Document E: U.S. v. Causby (1946), Majority Opinion (5-2)
Thomas Causby owned a home and chicken farm near an airport outside of Greensboro, North Carolina. During World War II, the U.S. Government leased the airport beginning on June 1, 1942. The flight path of the military aircraft was only 83 feet directly above Causby’s farm, and the increased air traffic destroyed the use of the property as a chicken farm. The airplane noise, along with the glare of the aircraft lights, brought production to a stop, because the frightened chickens flew into walls. At least 150 were killed.
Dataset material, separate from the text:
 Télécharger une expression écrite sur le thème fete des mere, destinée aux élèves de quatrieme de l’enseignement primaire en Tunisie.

Under common law, the owner of land also owned the space below and above the earth. Causby maintained that, by flying through his airspace, the U.S. Government had taken an easement (a certain right to use property owned by others) on his property and owed him just compensation. Justice William O. Douglas delivered the opinion of the Court.
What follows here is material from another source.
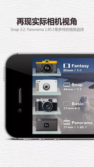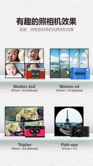 多种相机类型任君选择,涵盖四格连拍、鱼眼效果等相机。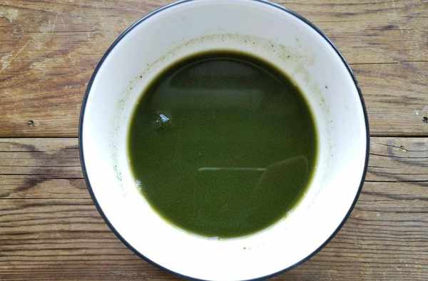 步驟四:澄粉中加入開水然後迅速地攪拌成糊,起鍋燒水,把艾草放到鍋中焯水,煮到艾草中有清香的味道散發出來瞭,撈出艾草,然後打成泥,不要太稀瞭。

Document G: Penn Central Transp. Co. v. New York (1978), Majority Opinion (6-3)
Under its Landmarks Preservation Law of 1965, New York City had designated certain neighborhoods and structures, including Grand Central Terminal, as “landmarks” of historical significance. Penn Central, which owned the terminal, planned to build a 55-story office building above it, in order to enhance the revenue they could derive from the property. However, the Landmarks Preservation Commission, made up of architects, historians, and city planners, denied Penn Central’s proposal, maintaining that the new construction would destroy the terminal’s historic and aesthetic features. The Commission stated: “[We have] no fixed rule against making additions to designated buildings — it all depends on how they are done. … But to balance a 55-story office tower above a flamboyant Beaux-Arts facade seems nothing more than an aesthetic joke. Quite simply, the tower would overwhelm the Terminal by its sheer mass. The “addition” would be four times as high as the existing structure, and would reduce the Landmark itself to the status of a curiosity…”

Penn Central claimed that application of the Landmarks Law resulted in a “taking” under the Fifth and Fourteenth Amendments, depriving them of their property without due process. Justice William Brennan wrote the opinion of the Court.